North Yorkshire Council’s executive unanimously approved the acceptance of £947,000 funding to subsidise partial or full discounts in music lessons and other musical experiences for children as well as £311,000 to buy new musical instruments after being announced as a winning bidder to provide music education across York and North Yorkshire.

The grant, which is for one year only, follows the county’s music service, which provides instrumental and vocal tuition to pupils in local authority schools throughout North Yorkshire turning around a £680,000 loss in funding to become viable again in 2019.

However, last month, music centres across the county reported struggling to fund free lessons for children eligible for free school meals due to a rise in the volume of those pupils through the cost of living crisis.

At the time, Emily Jones, manager at the Harrogate Music Centre, said: “There are so many benefits that music brings these students, from social to cognitive and so much more.

“The thought of not being able to provide that is quite upsetting.”

An Arts Council England spokeswoman said North Yorkshire Council had been selected for the grant as it believed it “would best deliver the ambition and aims for music hubs as outlined in the National Plan for Music Education, the power of music to change lives”.

An officer’s report to the executive stated with North Yorkshire being responsible for developing music education in York as well as the county, and as the lead organisation for the combined area, would provide opportunities for increasing income for the service.

It stated: “We will be able to increase our traded offer to York schools, particularly on our whole class instrumental programmes.

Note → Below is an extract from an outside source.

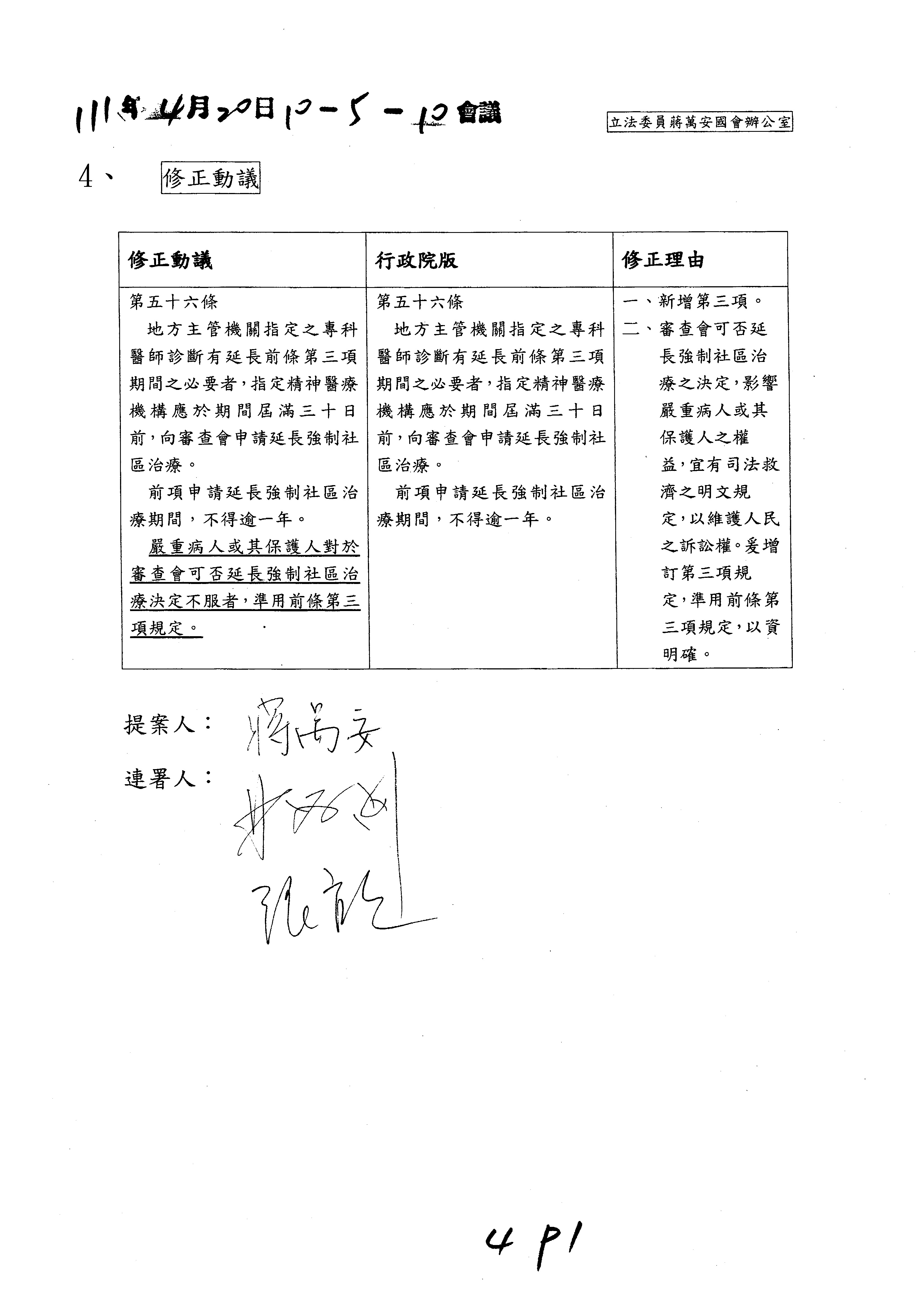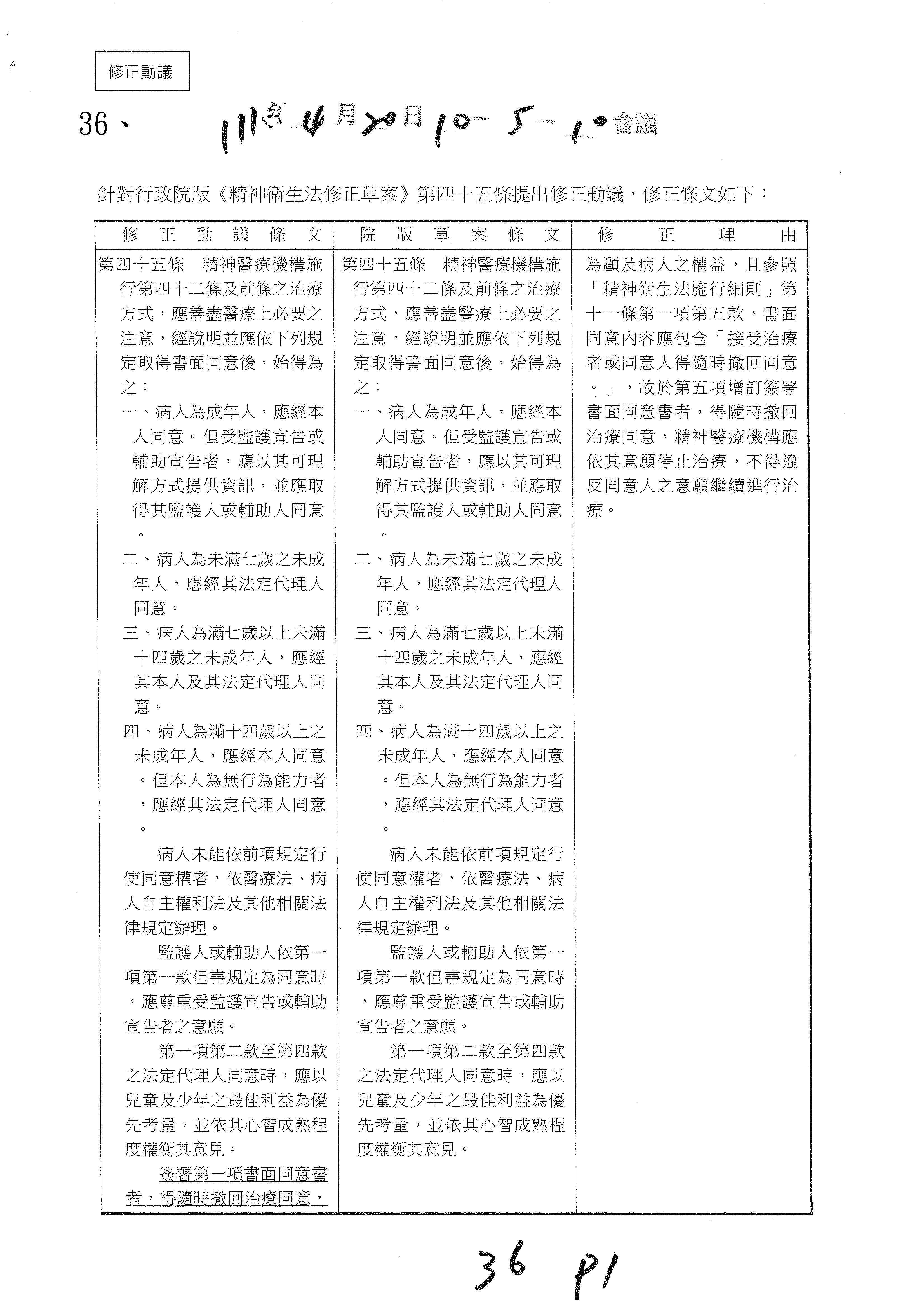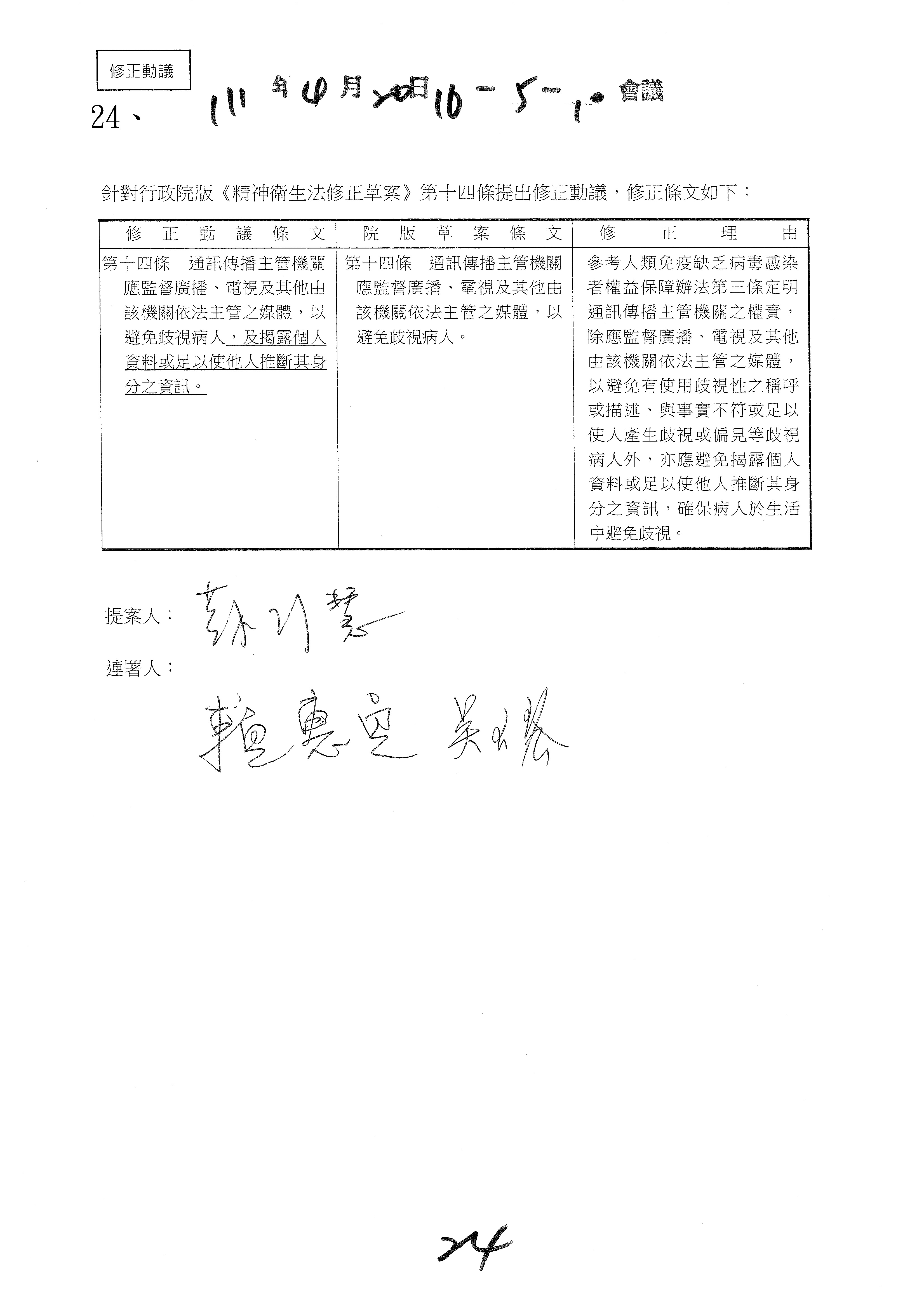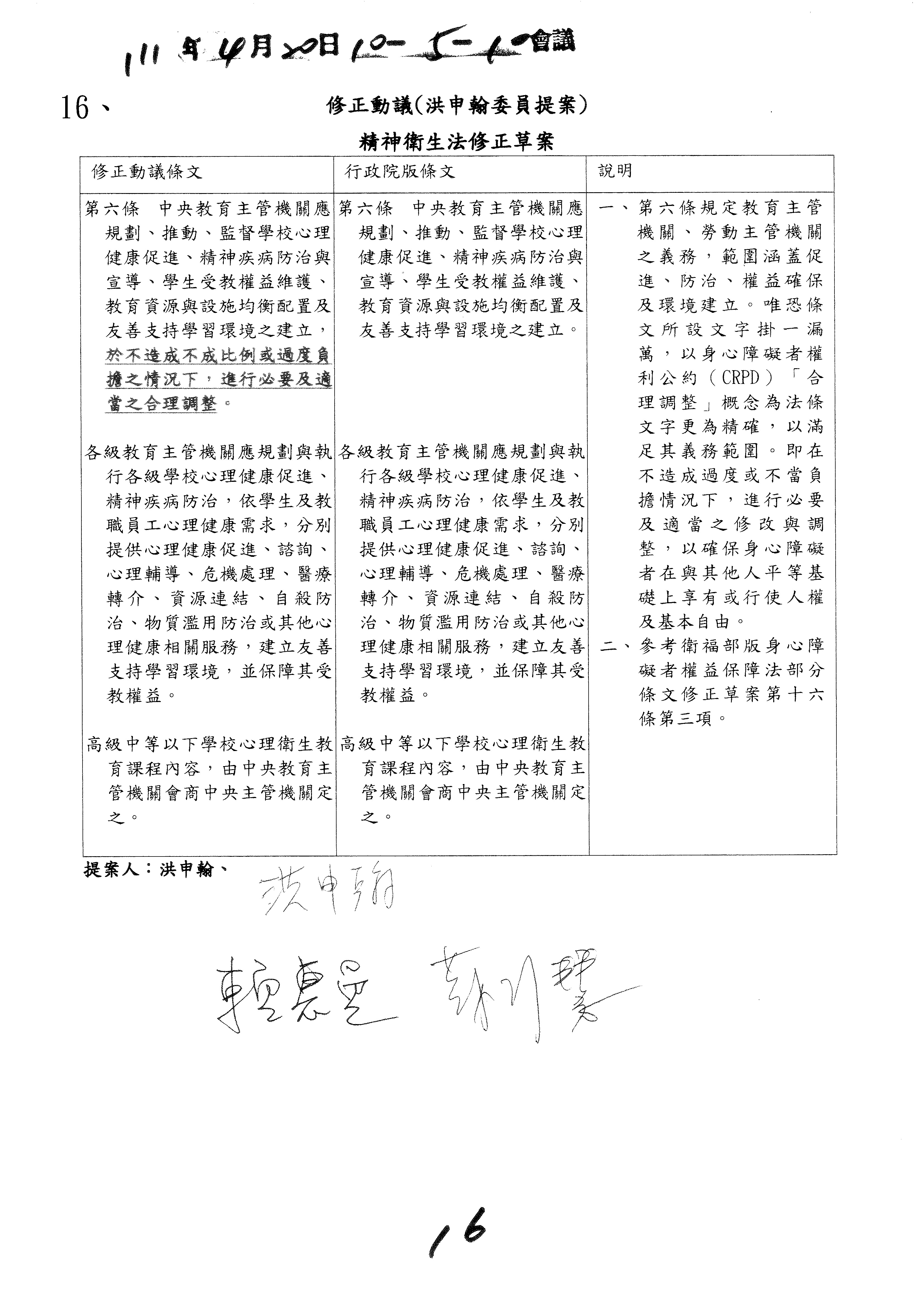 主席:時間差不多了,我們再宣告一下,剛剛吳玉琴委員增訂第十六條之一及王婉諭委員第十八條之一的修法版本,請衛福部彙整,擬具條文,明天再送本席及委員會,宣讀後列入第二十四條。那是第二十四條,對不對?
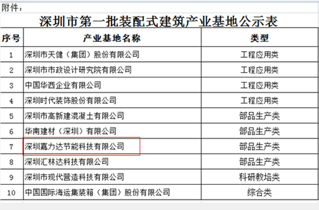7月8日,深圳市住房和建设局公示了深圳市第一批装配式建筑产业基地入选企业名单。共有10家企业入选,嘉力达荣幸成为其中一员。

This will benefit the service financially.”

Councillor Annabel Wilkinson, the authority’s executive member for schools, said the funding would generate a greater range of opportunities for children and an expansion of the council’s music service’s partnerships with other organisations.

She said the funding would help in the training of school staff to teach music, discounted musical instrument lessons and increasing access to “large-scale and high-quality music experiences”.

Coun Wilkinson said: “This is an exciting new chapter in the development of music provision across the region.”

Councillor Gareth Dadd, the authority’s deputy leader and finance boss, described the grant as “absolutely fantastic news”.

He added: “I remember years ago when the service was looking to be rocky to say the least. It seems to be floating financially now as a result of this grant and other sources, without the need for core council funding.”

1 Comment

  1. Unless it sings or plays an instrument it’s likely to be a music grant rather than a musical grant!